The agency was, at its core, very British. Literate. Erudite. Funny. Ironic. Sarcastic. Superior. This was 1970; Monty Python, the start of the 747 era, the women’s liberation movement, heavy metal, Richard Branson founding Virgin, BP discovering oil in the North Sea, the death of Jimi Hendrix, the break-up of The Beatles, Nixon’s presidency, Jesus Christ Superstar. Television was the dominant and vital force. Britain was throbbing, and Charles and Maurice Saatchi had a dream and a dare to blow things sky high.

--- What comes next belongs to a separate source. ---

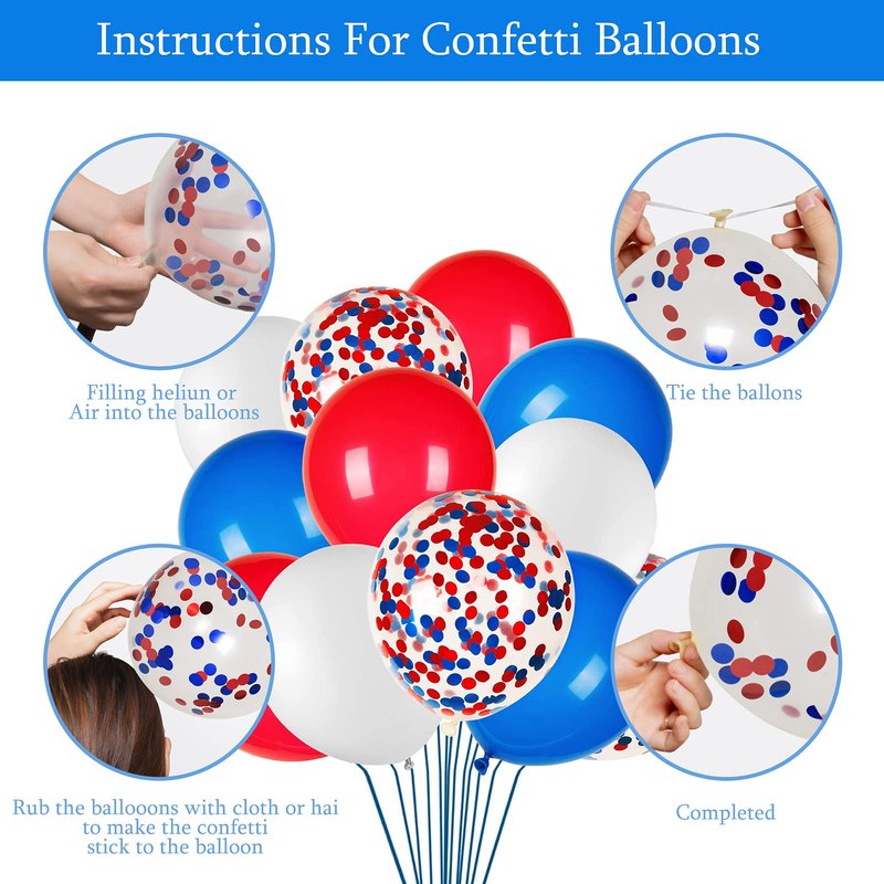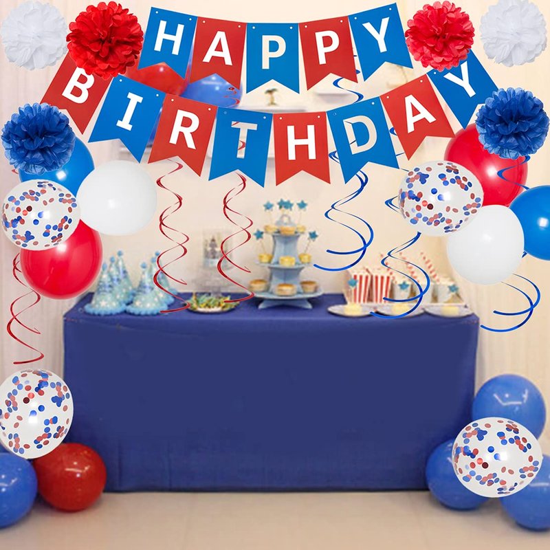 - Red Blue birthday decoration includes: Red Blue "HAPPY BIRTHDAY" Banner, Silver Red and Blue Star String, 6Pcs Paper Pompoms(Red+Blue+White), 6Pcs Red Hanging Swirl, 6Pcs Silver Confetti Balloons, 24Pcs Latex Balloons(Red 10Pcs+Blue 10Pcs+White 4Pcs).

Chutzpah & Chutzpah catches the cultural semiotics that drove a golden era of advertising (alas, before the onslaught of Google, Facebook, Apple and Amazon, creating trillions of dollars of shareholder value against the meagre mega-millions of advertising holding companies. At least advertising had Lunch). A sampling:

  • Nothing Is Impossible
  • We can achieve anything
  • The biggest risk is not taking risks
  • There are no boundaries, no rules that particularly matter
  • We stand for the single-minded pursuit of creative originality and excellence
  • Come to the edge
  • We are naughty and fearless
  • We are walkers of the walk
  • We have pure determination to win
  • Saatchi people will go to any length, and make any sacrifice, to win new business
  • Never put your best people on new business; put your luckiest

Other phrases the authors assign Saatchi & Saatchi in years 1-20:

  • Self-belief bordering on arrogance
  • Fearlessness, ingenuity, and chutzpah
  • Swashbuckling, shrewd, sensational, surreal
  • Unparalleled household fame
  • Unsurpassed creativity
  • Masters of Illusion

The actor playing Lafayette in the musical Hamilton exclaims in one of the show’s most popular lines, “Immigrants, we get the job done.” Charles Saatchi had the reported chutzpah of, on a slow news day in London, insuring his creative department for one million pounds, a vast sum of money in the early 70s. The Saatchi brothers had global ambition to be the world’s best and biggest, and they cleverly laced this positioning with the original globalization theorist, Harvard economist Theodore Levitt. Chutzpah & Substance. Soon enough Saatchi & Saatchi was doing legendary campaigns for the biggest brands in Britain: British Airways, BP, ICI, BT, British Coal & Gas, Cadbury Schweppes. The history of the Conservative Party assignments – and the future of Britain – resulting in three election-winning performances is well covered by Myers, Goode & Darke. Through its acquisitions the agency gained Procter & Gamble’s coveted business, and won the business of Toyota and Lexus in the U.S. which it has held for three decades. Collectively, the Saatchi & Saatchi agencies represented, supported, led, quarreled with, inspired, and cajoled clients and brands with sales running into a multi-billion dollar stratosphere. Advertising does make the world go round, and while the business of selling with great ideas has been contaminated by data science, a brilliant idea still goes all the way. 15% or more.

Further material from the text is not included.